I also think deconstruction is quite a bit more involved than linguistic pedantry. [Time (n) flies(v) like an arrow (A.P.). Time(v) flies(n) like an arrow (A.P.) Time-flies (compound n) like (v) an arrow (object).] But maybe that was second hour stuff.


New Ancestral Myths

I actually left this panel after only 25 minutes or so.

It was standing room only and I hadn't had lunch, and frankly I might have been more charitable if I were sitting and fed. The beginning was really interesting––the super diverse panel pointed out the way "religion" is given to Judeo/Christian traditions and everything else is called "mythology" whether it is a living religious practice or not, and there was also a really neat point about how the "ancient mythologies" well known in the English speaking world (Greek and Roman) traced a path through what was often considered to be whiteness. And the religious beliefs (even dead religions) of people of color are almost never as well known.
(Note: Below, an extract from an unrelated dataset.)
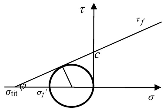 The pattern of serrated failure can be described on the failure Mohr stress circle shown in Figure 14. According to the Mohr-Coulomb (M-C) shear failure criterion, failure occurs not because the applied stress reaches the bonding strength, but because the ratio of shear stress to normal stress at a point reaches tan φ [35]. As the tensile test apparatus was not equipped with suction control or measurement devices, the total stress method was proposed to predict the tensile strength under this stress regime. The following equation can be derived from Figure 14
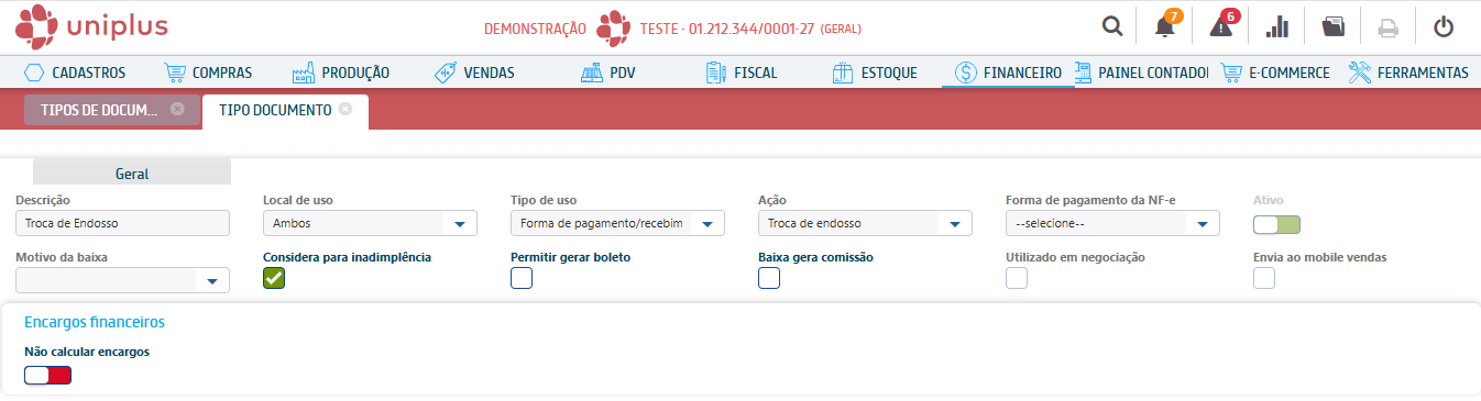 No Uniplus no menu Financeiro → Outros → Tipos de documentos financeiros → [Incluir (F2)], faça as seguintes configurações:

Unfortunately the moderator was having some trouble keeping the panel reigned in on the topic and as we drifted further afield I found the thread of motif more and more confusing and eventually just left.


Tapping our Mythic Past

The interesting thing I saw here was what was agreed and disagreed on. The panelists disagreed furiously about bringing myth into fiction (but were incredibly civil about it). One called appropriation the "third rail" of writing and made the point that writing backgrounds they weren't from and who talked about their backgrounds meant doing one's due diligence through research and sensitivity readings, never being a stranger, avoiding stereotypes, and always treating your characters as authentic and genuine people. Another panelist was very uncomfortable with that idea, even really eschewing doing much writing about their own cultural myths. Everyone on the panel related the experience of  being called out regarding their own culture. The demographics of who came down in which camp are probably not what you might have expected either.

There was also a problem with one panelist who seemed like maybe they were a bit anxious and had some trouble with repeating themselves. Of course they also did a lot of jumping in on the questions. So we had a lot of redundancy.

However, the thing they agreed on was also interesting––that trying to find the "decoder ring" of myth ultimately undoes the myth, and the central idea they walked away with was this idea of personalizing mythic past. That is you tell a story that portrays people and tells a story, and you maybe show how that myth influences them, but you don't appropriate the myth itself as true or not. That contradictions are essential. That there is truth without facts. (Much like fiction itself, I noted.) That being okay with not knowing is an important part of indigenous myth and antithetical to colonialists and Judeo/Christian myths where everything needs to be codified, classified, turned into binaries and some truthy truth rooted out. Myth had a power that danced outside of their ability to touch it even if it wasn't "true" in the desperately objective sense of the word.

"Mythology is," one panelist said to the delight of the entire panel, "the human mind trying desperately to understand itself.


Stress Management for Creatives

Got some great ideas from this panel that will definitely show up in an upcoming post.


Afrofutureism: From Octavia to T'Challa

This was an incredible lecture with an A/V presentation and I will cover some of the points in time, but 1) it is too much to go into in a post like this and needs its own space and 2) I heard that Steve Barns might be putting up an online version and I wouldn't want to steal his thunder at all because he put a shit-ton of effort into an incredible presentation.


Imposter Syndrome: You DO Deserve To Be Here

This is another panel that will definitely transform into a future post. Good advice. Good insight, but too much to write it all out in an encapsulation.